Двадцать восьмого января мы стали встречаться. Это произошло на следующий день после моего концерта, последнего и самого лучшего. На нём были все мои друзья, все близкие, даже мама, вечно погрязшая в быту, словно бы они, зная, что это последний мой концерт, пришли со мной попрощаться. А на следующий день, в воскресенье, мы встретились с Настей, погуляли в парке у неё в Медведково, пришли к ней домой, легли на диван и долго смотрели клипы, смущённо смеясь порханию бабочек в наших животах. А потом, когда нужно было уже расходиться, я спросил: «Ну что, давай?», и мы поцеловались. Я не умел этого делать – она была первой моей девушкой. Она знала это и ликовала. Прыщи на её раскрасневшемся лице горели малиновыми гроздьями, сальный лоб пах, как машинное масло, а изо рта гнилостно пахло возбуждением, но, когда мы, уже стоя в подъезде, поцеловались снова, она посмотрела на меня насмешливо, как на маленького мальчика, которого всему надо учить.
Мы проводили время вместе по выходным и почти каждый день после школы. Приходили ко мне домой, пили чай и шли в мою комнату. Сначала Настя ещё слушала, сидя рядом со мной за компьютером, мои рассказы о любимых группах и их песни, которые я ей ставил, но потом она уже сразу, как только входила в комнату, ложилась на диван и мурлыкающим голосом звала меня. Я включал музыку и шёл к ней.
И тогда мы сплетались в нашей жадной похоти, боязливо подступая к застёжкам, стягивая бретельки и загораясь смесью страха и восторга всякий раз, когда преодолевали новый предел. Тогда стрелки часов закручивались в пламенном танце, который кончался лишь тогда, когда губы становились как разваренная печень и ничего, кроме колючего онемения, уже не чувствовали.

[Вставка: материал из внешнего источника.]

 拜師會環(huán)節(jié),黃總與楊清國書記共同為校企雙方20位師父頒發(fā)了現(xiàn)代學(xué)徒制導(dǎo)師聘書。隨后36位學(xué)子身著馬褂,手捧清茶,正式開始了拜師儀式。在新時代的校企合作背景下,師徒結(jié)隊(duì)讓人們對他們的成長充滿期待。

Тогда мы вставали, и я, с разрывающимся от газов животом, ехал провожать её на другой конец Москвы.
Однажды, когда играла песня «Blackout» группы Linkin Park и я был в блэкауте под её свитером, компьютер внезапно стал издавать какой-то громкий сверлящий звук. Я перезапустил его, и всё прошло. Но вскоре он накрылся уже совсем – полетел жёсткий диск, а вместе с ним – все мои музыкальные наработки за последний год. Я даже не заметил этого.
Примерно в это же время у меня открылся кариес, уже порядком запущенный. Нужны были регулярные походы к стоматологу, но я смог выкроить время, только чтобы поставить временную пломбу.

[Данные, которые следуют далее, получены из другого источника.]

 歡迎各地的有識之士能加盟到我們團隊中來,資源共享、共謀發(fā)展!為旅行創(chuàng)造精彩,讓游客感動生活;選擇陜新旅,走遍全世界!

Четырнадцатого февраля я не был в школе – заболел, – но подошёл к остановке напротив неё, чтобы передать Насте цветы. До сих пор помню, как пробирался через толпы прохожих, кашляя, смущаясь своего маленького, завёрнутого в крафтовую бумагу букетика и не понимая, зачем вообще всё это нужно.
Двадцать восьмого числа каждого месяца мы устраивали себе маленький праздник, чувствуя себя – конечно, в тайне друг от друга – марафонцами на контрольной отметке. Иногда я покупал цветы и всегда – конфеты «тофифи» в рыжей коробке – их мы ели в тот-самый-день у неё дома. Это были наши конфеты.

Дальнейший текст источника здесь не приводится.